GITE IN MONTAGNA E RIFUGI PROVATI PER VOI

Se volete fare una gita in montagna senza troppi sbattimenti (levatacce al mattino, molte ora in auto, percorsi escursionistici e così via) vi propongo due semplici gite nella Val di Susa a due passi da Torino, in cui vi troverete immersi in meravigliosi boschi tanto da godervi il fresco, il verde, la natura e il meritato riposo.

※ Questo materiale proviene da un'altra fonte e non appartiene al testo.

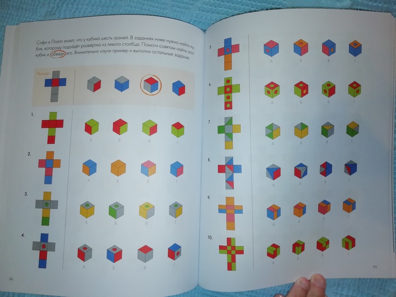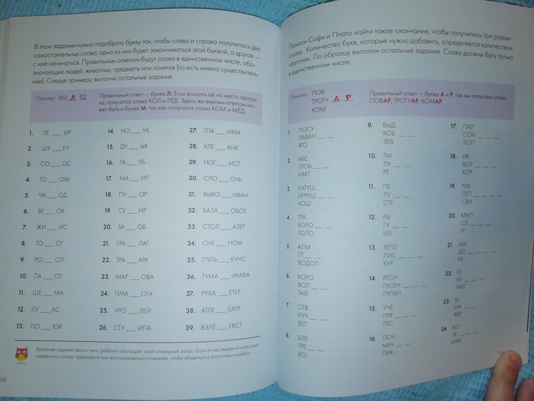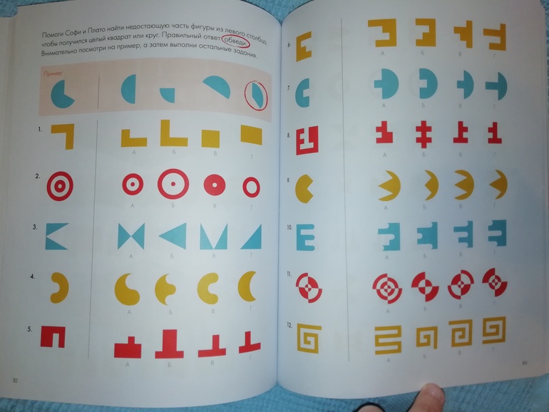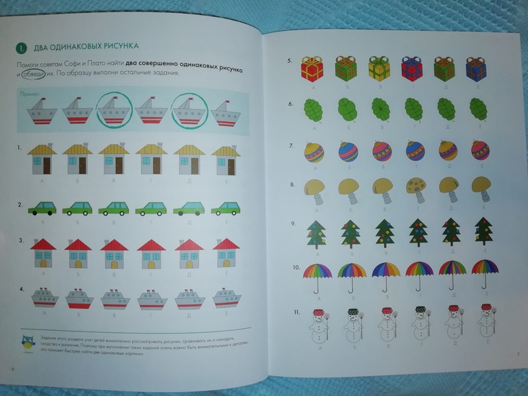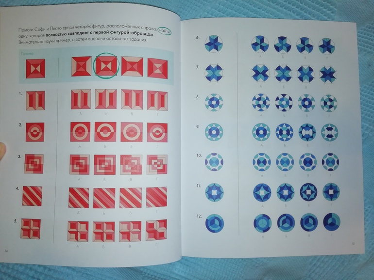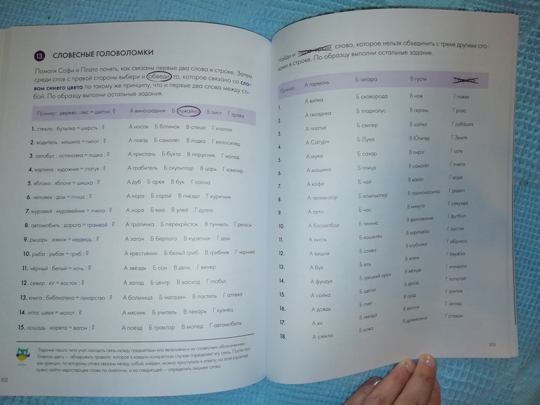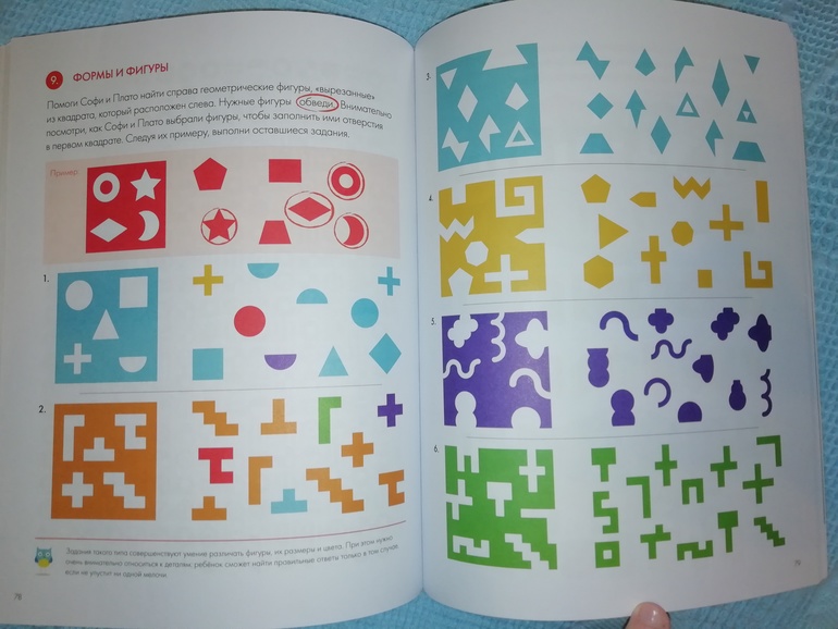 Ниже более подробно расскажу про каждый тип заданий. Всего 13 видов разных заданий, какие-то задания на внимание, какие-то на логику, есть задания на счет и даже словесные головоломки. Так как каждому типу заданий посвящено не так много разворотов, то они не успевают надоесть. Мне показалось, что задания расположены от простого к сложному. Дочка легко справилась с заданиями в начале книги, но словесные головоломки и числовые сетки ей еще совсем рано. Над какими-то заданиями даже я призадумалась. Мы еще не все задания выполнили, но пробовали разные типы и я хочу сказать, что довольно-таки интересно провести вечер, всей семьей решая головоломки.
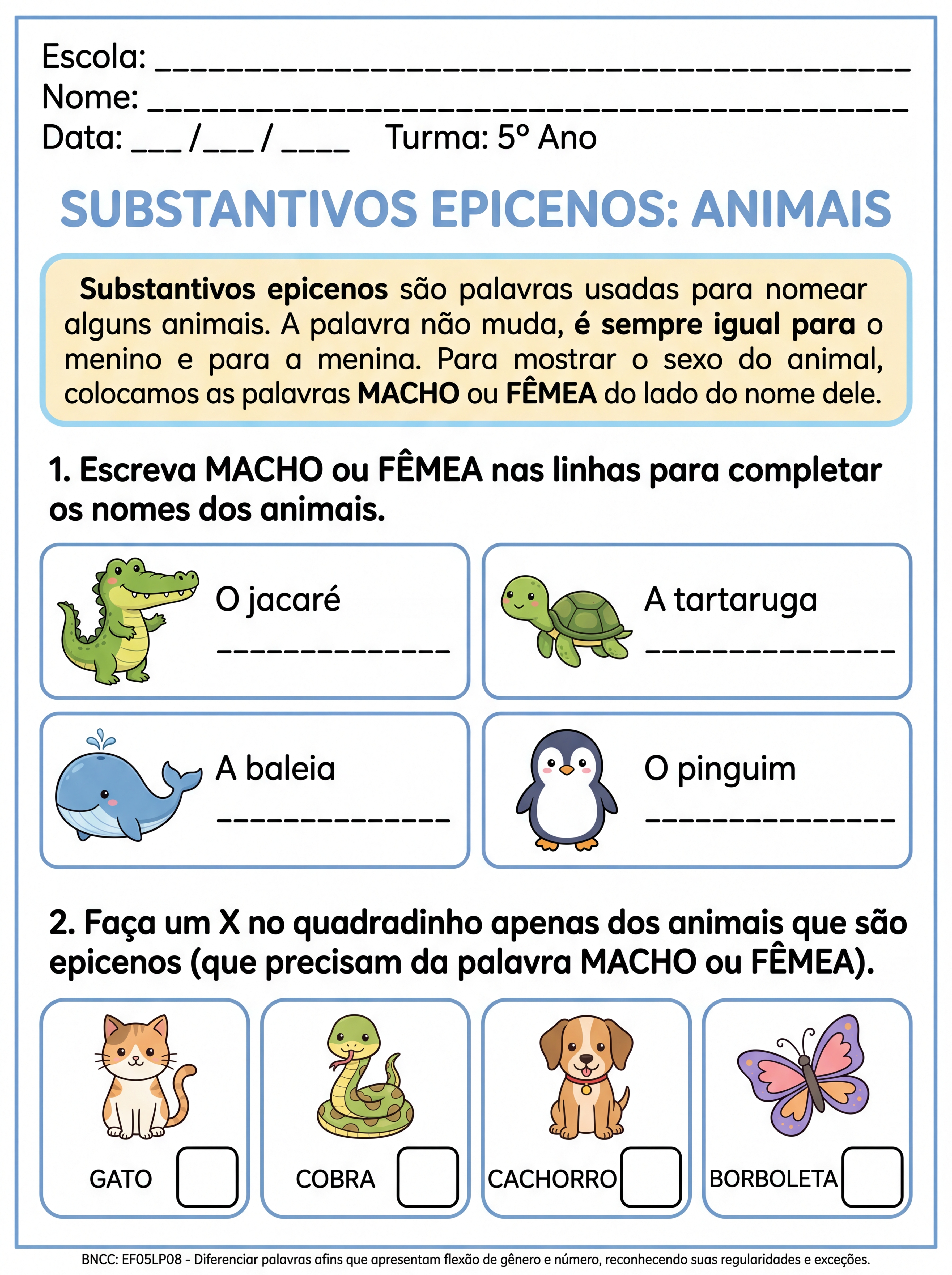 CRIE UMA ATIVIDADE ADAPTADA TEA PARA 5ANO SOBRE SUBSTANTIVO EPICENO
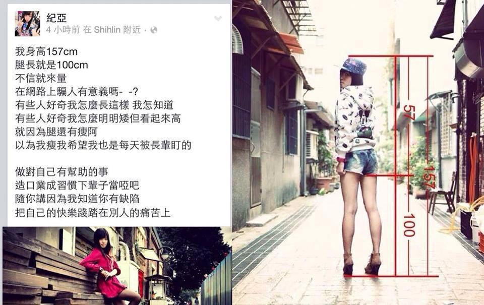 腿長100 從橫膈膜開始算 超好笑 她粉絲團各種神留言XD
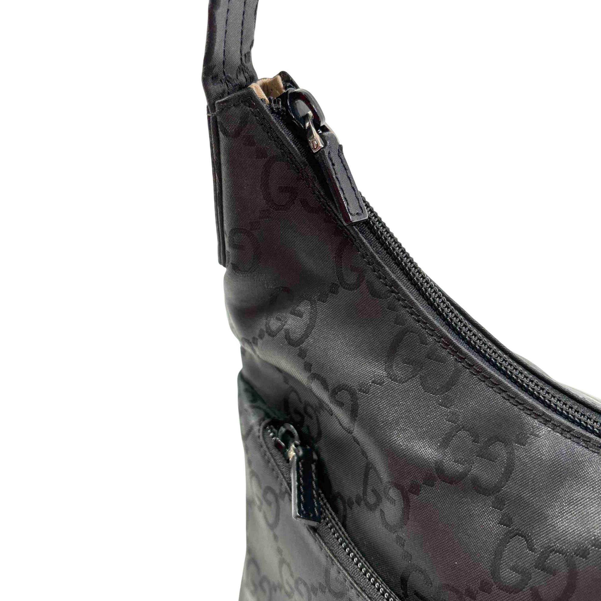 Elevate your style with the Gucci 0018386 Black GG Nylon Shoulder Bag. Crafted from high-quality nylon and featuring the iconic GG pattern, this bag is both contemporary and timeless. With a convenient zipper and a comfortable strap, its perfect for those who desire functionality combined with luxury.

RIFUGIO G.E.A.T. VAL GRAVIO

Dalla SS24 raggiungete San Giorio seguendo poi le indicazioni per Balma-Pognant-Città. Da qui in poi si sale con tanti tornanti fino alla Borgata Città dove si trova un bivio con dei cartelli di legno, quindi svoltate a destra e proseguite ancora per poco posteggiate in località Cortavetto: qui la strada è interrotta da una sbarra e iniziano vari percorsi tra cui quello che porta al Rifugio G.E.A.T, Val Gravio lungo il Sentiero dei Franchi. Il percorso è molto facile, con poco dislivello ed è immerso nei boschi. Il silenzio, il verde degli alberi e la frescura rilassano tantissimo. Dopo un’ora di cammino avrete raggiunto il rifugio in cui avete la possibilità di mangiare nella struttura, seduti al tavolo, anche il vostro pranzo portato da casa al un costo di tre euro, oppure sdraiati sui prati all’ombra degli alberi. A poche decine di metri dal rifugio potete ammirare la cascata seduti su un pietrone che sembra che sia stato messo lì apposta: fate solo attenzione!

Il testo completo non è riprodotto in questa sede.